On Sun, Nov 9, 2025 at 8:48 PM K Prateek Nayak <kprateek.nayak@xxxxxxx> wrote:
>
> Hello John,
>
> On 11/8/2025 4:48 AM, John Stultz wrote:
> >>> @@ -6689,26 +6834,41 @@ find_proxy_task(struct rq *rq, struct task_struct *donor, struct rq_flags *rf)
> >>> return NULL;
> >>> }
> >>>
> >>> + if (task_current(rq, p))
> >>> + curr_in_chain = true;
> >>> +
> >>> owner = __mutex_owner(mutex);
> >>> if (!owner) {
> >>> /*
> >>> - * If there is no owner, clear blocked_on
> >>> - * and return p so it can run and try to
> >>> - * acquire the lock
> >>> + * If there is no owner, either clear blocked_on
> >>> + * and return p (if it is current and safe to
> >>> + * just run on this rq), or return-migrate the task.
> >>> */
> >>> - __clear_task_blocked_on(p, mutex);
> >>> - return p;
> >>> + if (task_current(rq, p)) {
> >>> + __clear_task_blocked_on(p, NULL);
> >>> + return p;
> >>> + }
> >>> + action = NEEDS_RETURN;
> >>> + break;
> >>> }
> >>>
> >>> if (!READ_ONCE(owner->on_rq) || owner->se.sched_delayed) {
> >>
> >> Should we handle task_on_rq_migrating() in the similar way?
> >> Wait for the owner to finish migrating and look at the
> >> task_cpu(owner) once it is reliable?
> >
> > Hrm. I'm not quite sure I understand your suggestion here. Could you
> > expand a bit here? Are you thinking we should deactivate the donor
> > when the owner is migrating? What would then return the donor to the
> > runqueue?
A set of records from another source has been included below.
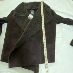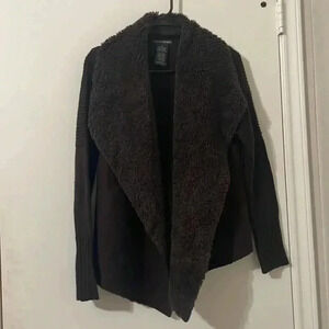Chelsea & Theodore Cardigan Sweater Brown Faux Fur Women’s Size Small
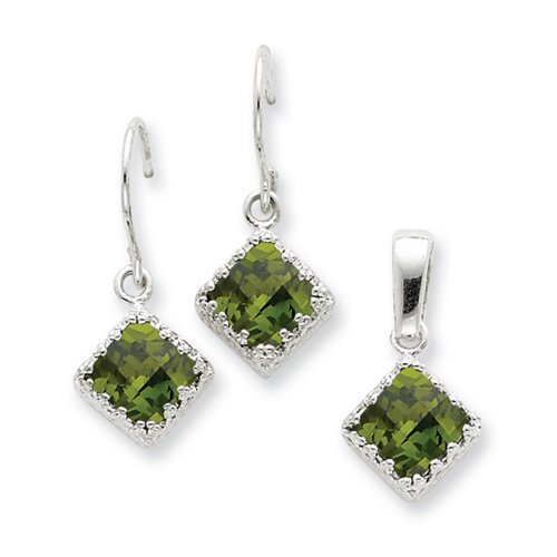 -. Title : IceCarats® Designer Jewelry Sterling Silver Olivine Cz Earrings And Pendant Set
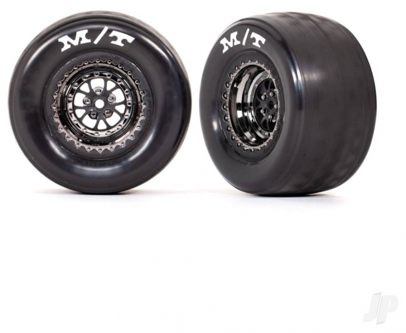 Traxxas Wheels & Tyres, Assembled, Glued (Weld Black Chrome wheels, tyres, foam inserts) (rear) (2 pcs) 020334947598
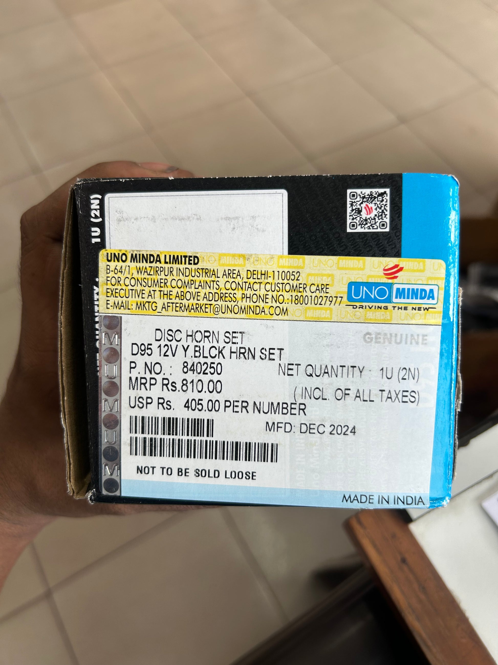 A. Yes, this is 100% genuine Uno Minda D95 horn – OEM grade with manufacturer labels and verified QR.
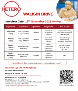 HETERO is conducting a walk-in interview for positions in OSD Production, Packing, Quality Control, and Quality Assurance at their facility located in Jadcherla. This walk-in is suitable for professionals with strong hands-on experience in OSD manufacturing operations.
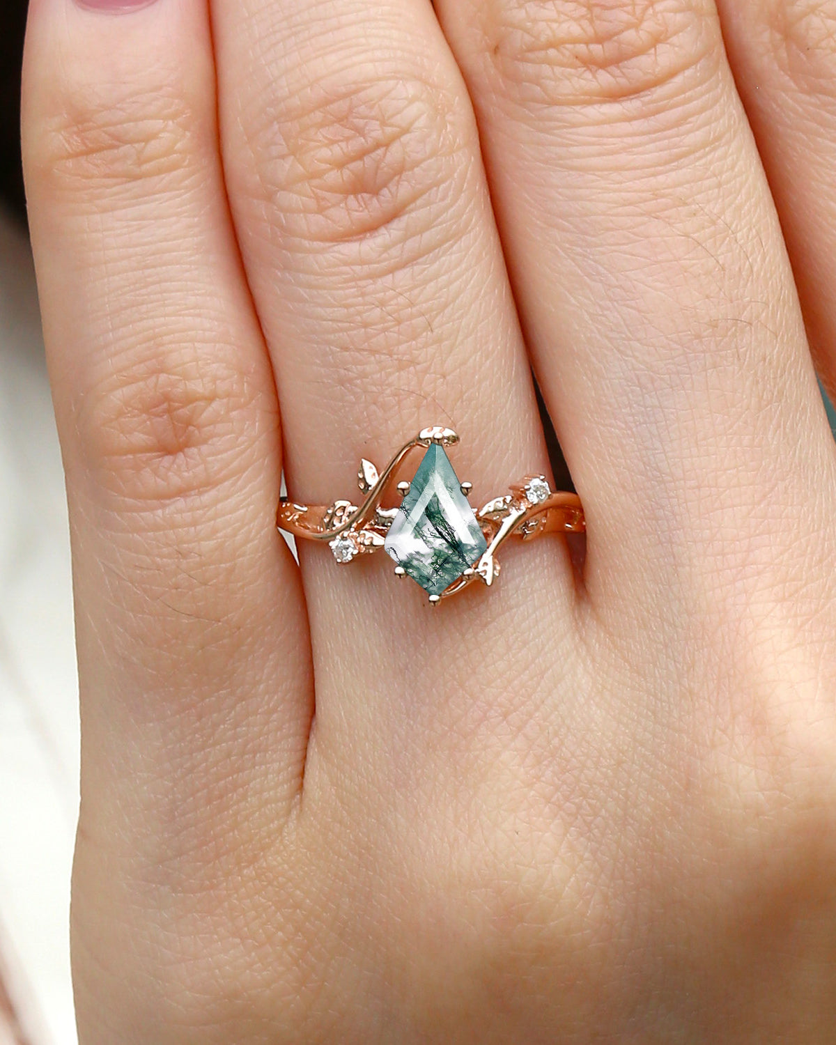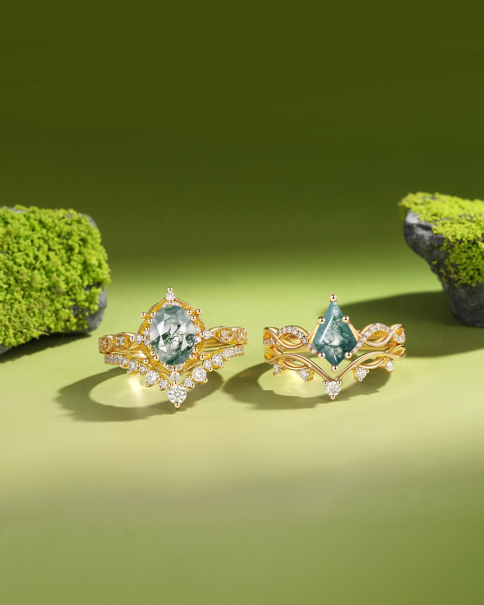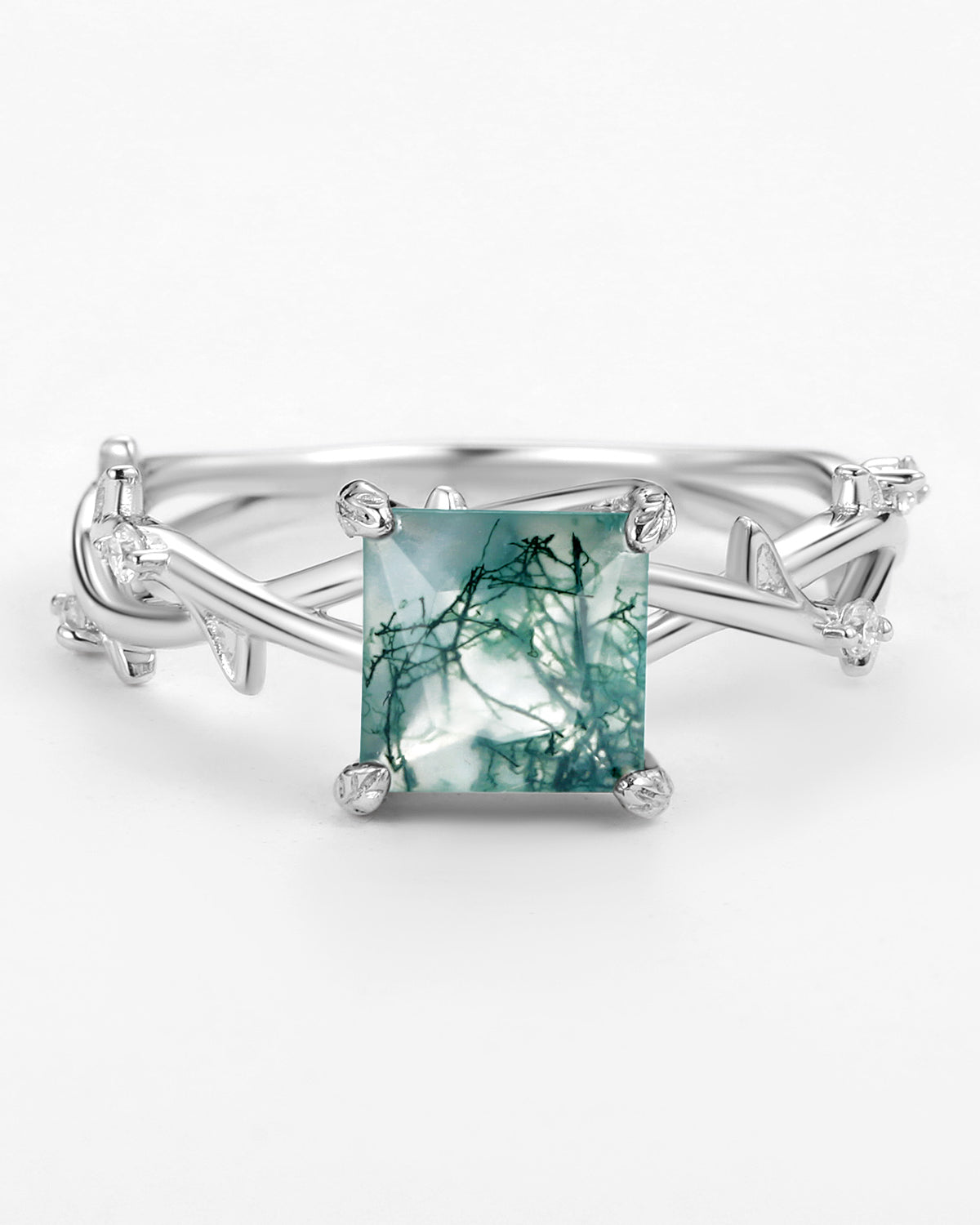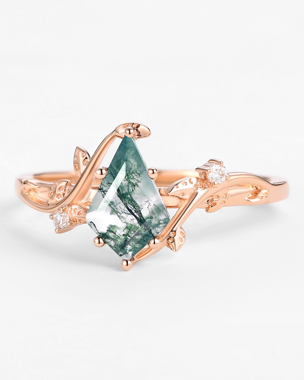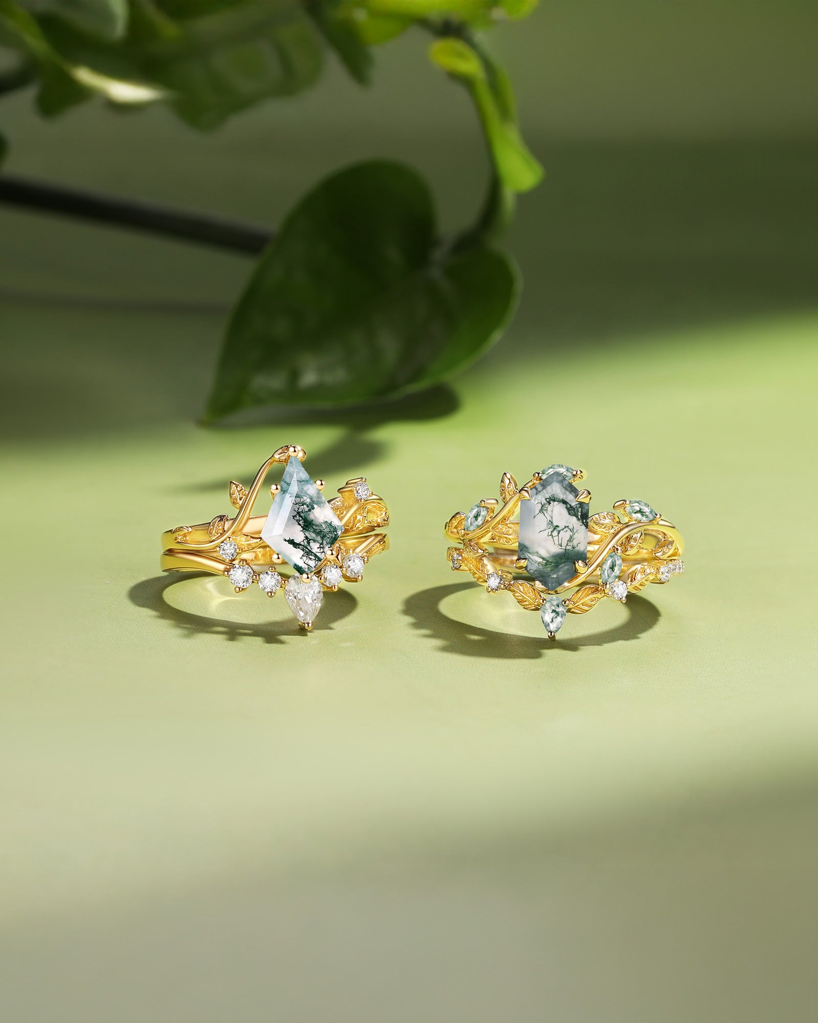 Spring green, summer transparency, autumn yellow, winter milky haze—our moss agate engagement rings fit each season’s hue. These precious chapters in these engagement rings tell your love story daily.
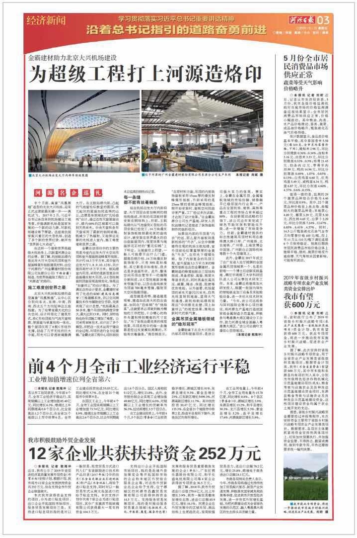 金霸北京大兴机场项目获河源日报采访报道
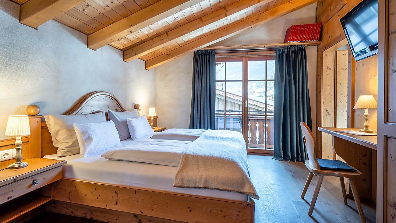 Elegant double room in the Adventure Lodge with a view towards the valley and the almlustRock:

Just rescheduling idle so that we drop the rq lock
> > momentarily should be sufficient to make sure the owner can finish
> > migration.
>
> In find_proxy_task() we have:
>
> if (!READ_ONCE(owner->on_rq) || owner->se.sched_delayed) {
> /* Returns rq->idle or NULL */
> }
>
> /*
> * Owner can be task_on_rq_migrating() at this point
> * since it is in turn blocked on a lock owner on a
> * different CPU.
> */
>
> owner_cpu = task_cpu(owner); /* Prev CPU */
> if (owner_cpu != this_cpu) {
> ...
> action = MIGRATE;
> break;
> }
>
>
> So in the end we can migrate to the previous CPU of the owner
> and the previous CPU has to do a chain migration again. I'm
> probably overthinking about a very unlikely scenario here :)

Ok, so you're suggesting maybe putting the
if (task_on_rq_migrating(owner))
case ahead of the
if (owner_cpu != this_cpu)
check?

Let me give that a whirl and see how it does.

thanks
-john